Early next week, the west-to-northwest track of Lee could begin to change to more of a northerly direction. Interestingly, this change in direction and climb to higher latitudes could actually result in Lee moving over a “cold wake” left behind by the passage of Hurricane Franklin last week (upwelling) and this could act to weaken the storm. The potential turning of Lee would be the result of a change in steering currents from the influence of the upper-level ridge (WNW direction) to the influence of an incoming trough of low pressure (N direction). The timing of this potential turning of Lee is somewhat uncertain and what happens at a potential “turning point” can have big implications downstream.
The two big players in the upper atmosphere that can ultimately dictate where Lee will move include a trough of low pressure that is likely to form over the Ohio Valley/eastern US later next week and a ridge of high pressure that may develop over southeastern Canada/NW Atlantic. If the ridge over SE Canada/NW Atlantic becomes the dominating system and the upper-level trough weakens or stalls then Lee could end up going farther to the west – potentially resulting in a direct impact somewhere along the Northeast US coastline. On the other hand, if the trough over the Ohio Valley/eastern US comes in stronger or quicker, it could help steer Lee to the north and then northeast – before it ever has a chance to reach the US east coast and current model projections generally favor this (more desirable) solution.

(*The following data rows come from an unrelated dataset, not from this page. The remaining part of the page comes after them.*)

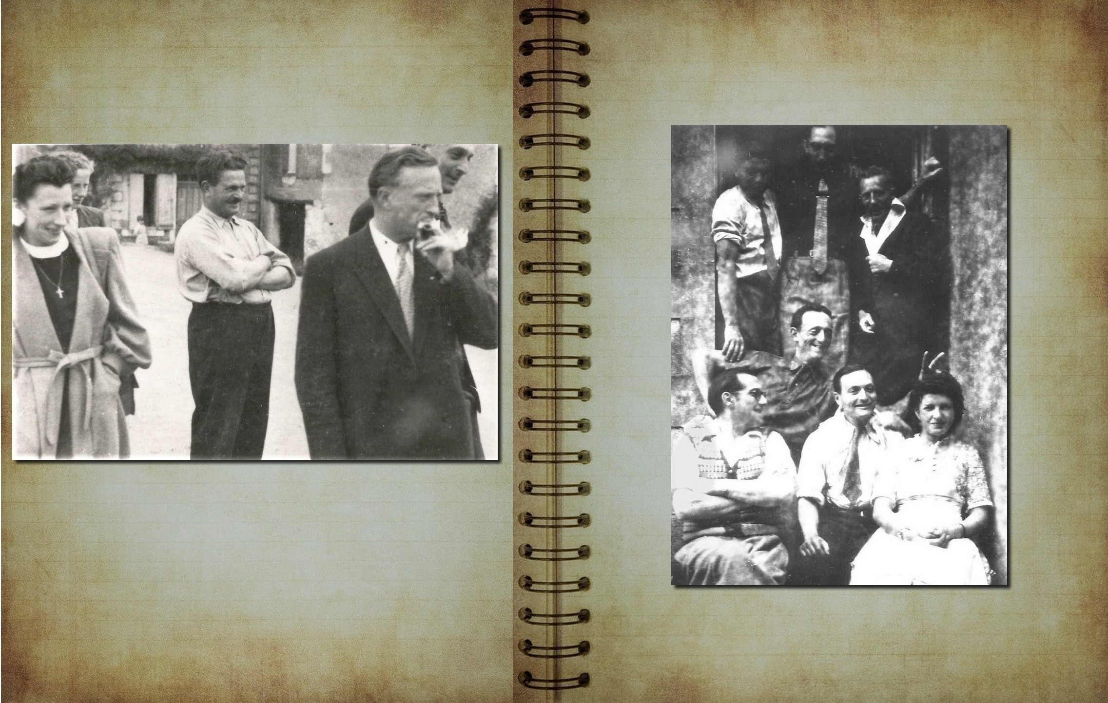 Mimi B. : « C’était aussi la rencontre des copains. Sur la photo de gauche je suis au centre de celle-ci avec maman à mes côtés puis Yvonne MORILLE, mariée ensuite à Alexandre VIAUD, derrière moi. On reconnait plus haut Gaby Goubert. Sur la photo de droite, Etienne BRIAND et Gaby JOUBERT portent respectivement François LUZET et un gars PARIS ».
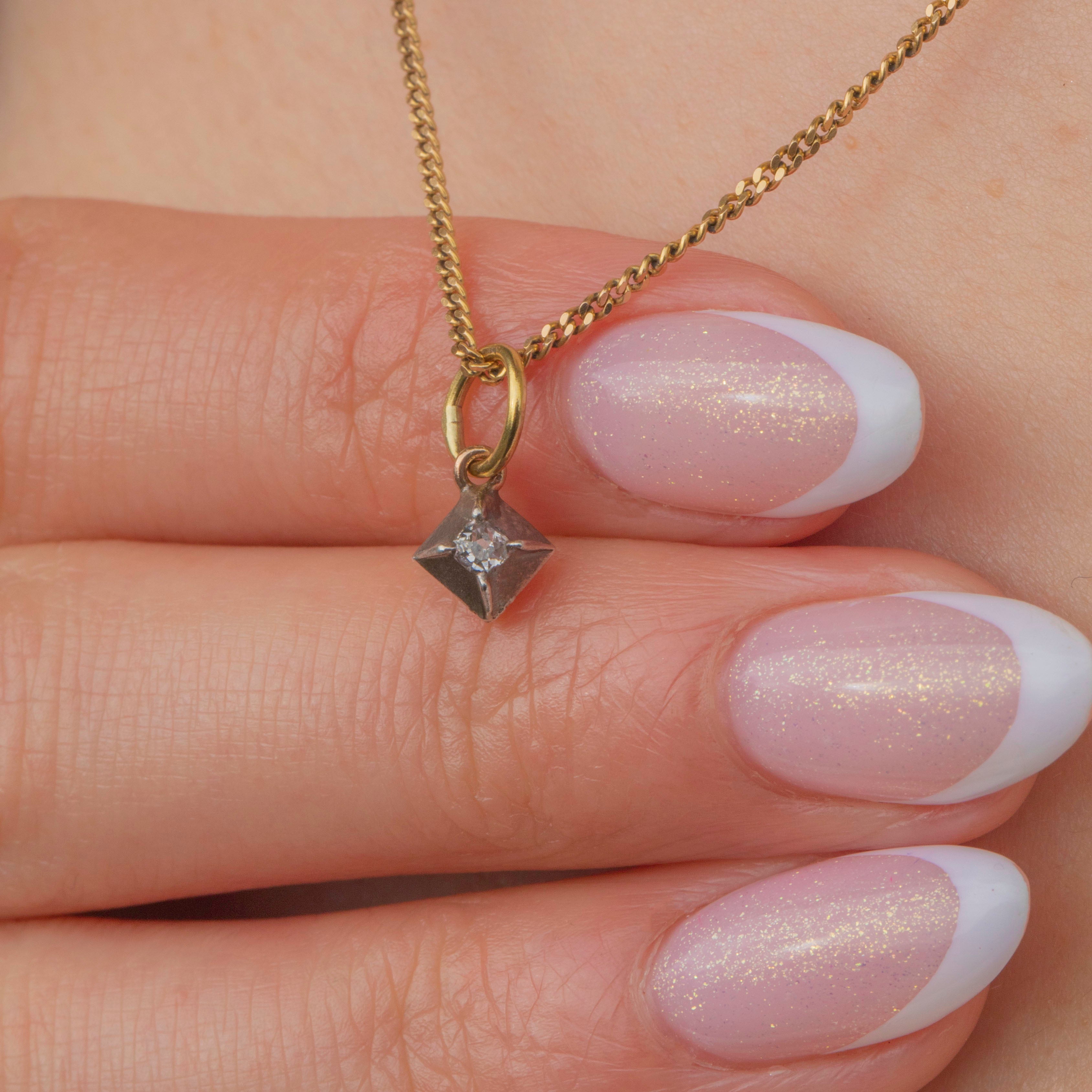 EXCELLENT: This antique old-mine-cut Diamond charm is in excellent condition, free from any chips or fleabites. Securely set and built to last a lifetime, the Diamond retains its radiant brilliance—a true marvel given its age. What more could you ask for?
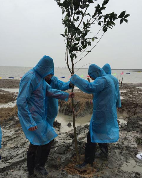 植树现场,集团团委和青年志愿者有条不紊的衔接种树的各个环节,按照植树的基本要求,做好相关措施,以最大程度保障树苗今后的成活率。活动现场,在风雨交替的环境中,金投人发挥了艰苦奋斗、不怕困难的精神,共种下了近20株树苗,为瓯飞工程龙湾二期南堤增添了一片生机勃勃的绿色。
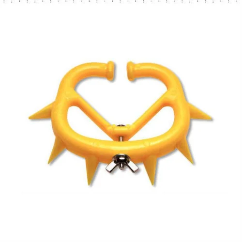 Yellow automatic plastic cattle weaner for calves. Prevents milk sucking. Features a nose thorn clip for effective feeding. Made from durable plastic. Designed for calf application.
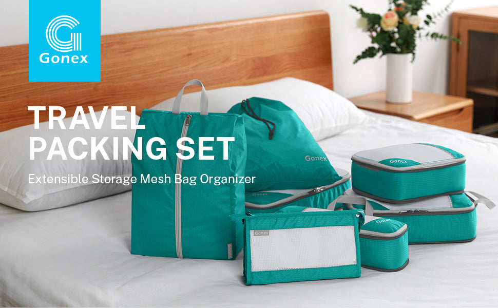 Complete Travel Packing Set: The Gonex Compression Packing Cubes 7Pcs Set has you covered with various sizes for all your packing needs. This set includes large, medium, small, slim, a laundry bag, shoes bag, and toiletry bag, ensuring you have the right cube for every item.
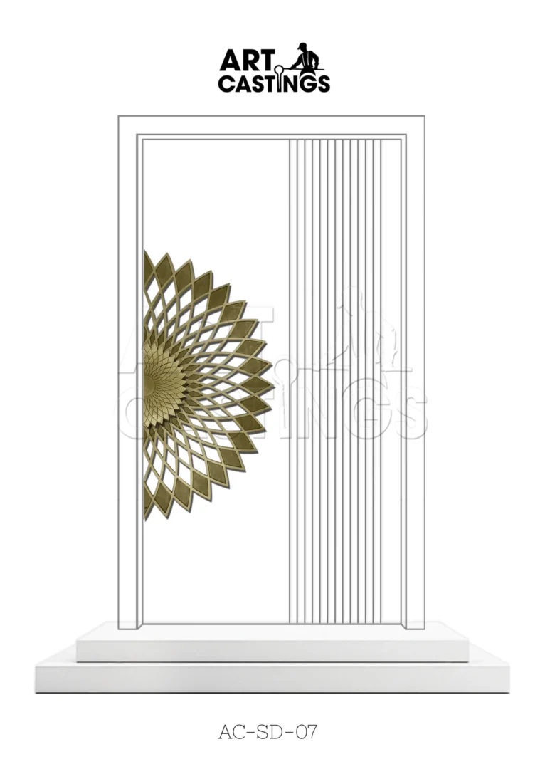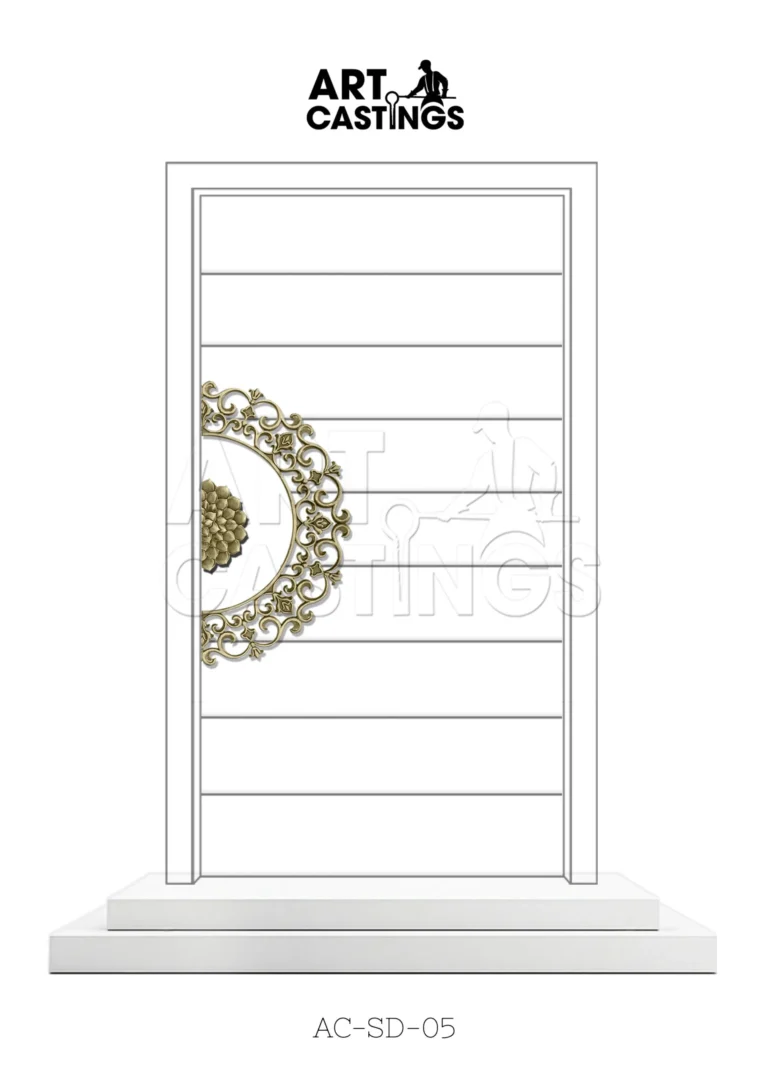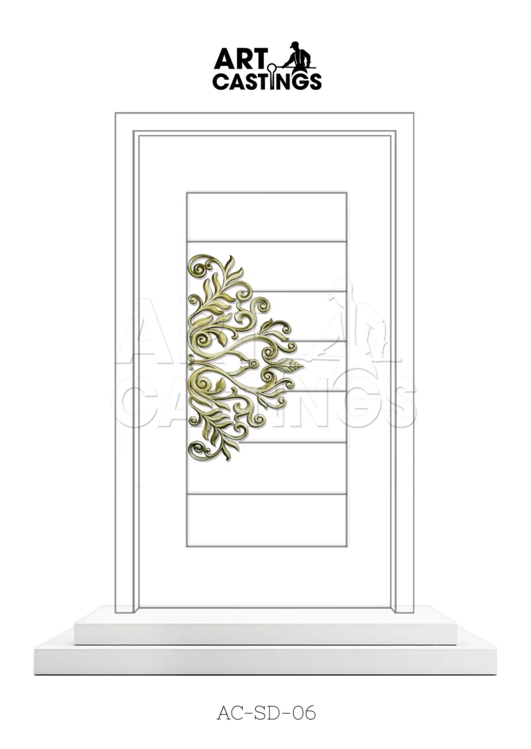 The contemporary hand-crafted single door design, adorned with the iconic Monstera leaf shape cast in brass metal, sounds both luxurious and stylish. The monstera leaf themed single door fusion of these elements creates a visually stunning entrance that undoubtedly leaves a lasting impression on guests. It’s the kind of monstera leaf themed single door detail that not only enhances the aesthetic appeal of the house but also elevates the overall ambiance to create a welcoming and elegant atmosphere.

For now, all interests along the Northeast US coastline should keep a close eye on Hurricane Lee as it continues on a “long track” across the tropical Atlantic Ocean and reaches “major” hurricane status…perhaps even strengthening to “category 5”. One final note, there is a trailing tropical wave over the far eastern Atlantic and it is quite likely to also reach hurricane status in coming days (would be named Margot).